Bart Williams

Personal information
- Full name: Bart Williams
- Born: 12 January 1976 (age 50) Australia

Playing information
- Position: Hooker
Club
| Years | Team | Pld | T | G | FG | P |
| 1996–97 | South Sydney | 9 | 1 | 0 | 0 | 4 |
| 1998 | London Broncos | 8 | 1 | 0 | 0 | 4 |
|  | Total | 17 | 2 | 0 | 0 | 8 |
- As of 16 Jul 2021

= Bart Williams (rugby league) =

Australian rugby league footballer

Bart Williams is an Australian former professional rugby league footballer who played in the 1990s.
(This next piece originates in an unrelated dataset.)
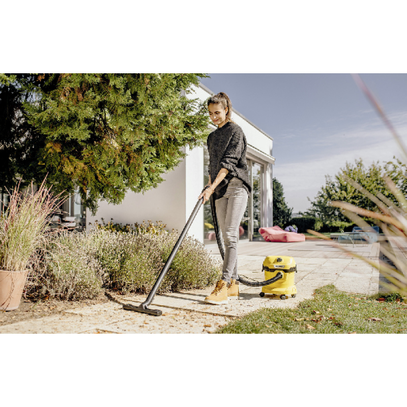 De Kärcher WD 2 Plus V-12/4/18 is een nat-/droogzuiger, waarmee je zowel droge stofdeeltjes als vocht kunt opzuigen. Het compacte design en de opvallende gele kleur maken hem direct herkenbaar en gemakkelijk te verplaatsen. Dankzij het ergonomische handvat draag je de stofzuiger eenvoudig van kamer naar kamer of naar de garage. Met afmetingen van 34,9 x 32,8 x 37,8 cm (D/B/H) en een gewicht van 6 kilo berg je hem snel op in een kast of onder een werkbank, waardoor hij weinig ruimte inneemt.
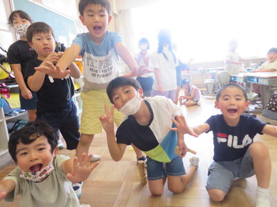 「こいのぼり」を歌って。「1番を歌う人は立って。」

He played for the London Broncos.

==Playing career==
===Schoolboys===
Bart Williams played 2 schoolboy tests against the Junior Kiwi team in 1994. In 1994, the Schoolboys hosted, and defeated, the touring Junior Kiwis. This marked the first appearance of a then 15-year-old Owen Craigie, who would represent the Schoolboys a record three times in 1994, 1995 and 1996. Future Australian internationals Brett Kimmorley, Ben Ikin and Luke Priddis were also in the side.

===South Sydney===
Represented South Sydney RLFC 1995–1997. The South Sydney Rabbitohs (often called Souths and The Bunnies) are a professional Australian rugby league team based in Redfern, a suburb of inner-southern Sydney, New South Wales.[3] They participate in the National Rugby League (NRL) premiership and are one of nine existing teams from the state capital.

===London Broncos===
In 1998, as part of rugby league's "on the road" scheme London Broncos played Bradford Bulls at Tynecastle in Edinburgh in front of over 22,000 fans.

Success continued in 1998 with a first appearance in the Challenge Cup semi-finals, losing to Wigan. Head coach Tony Currie left the club at the end of the 1998 Super League season and was replaced by Dan Stains.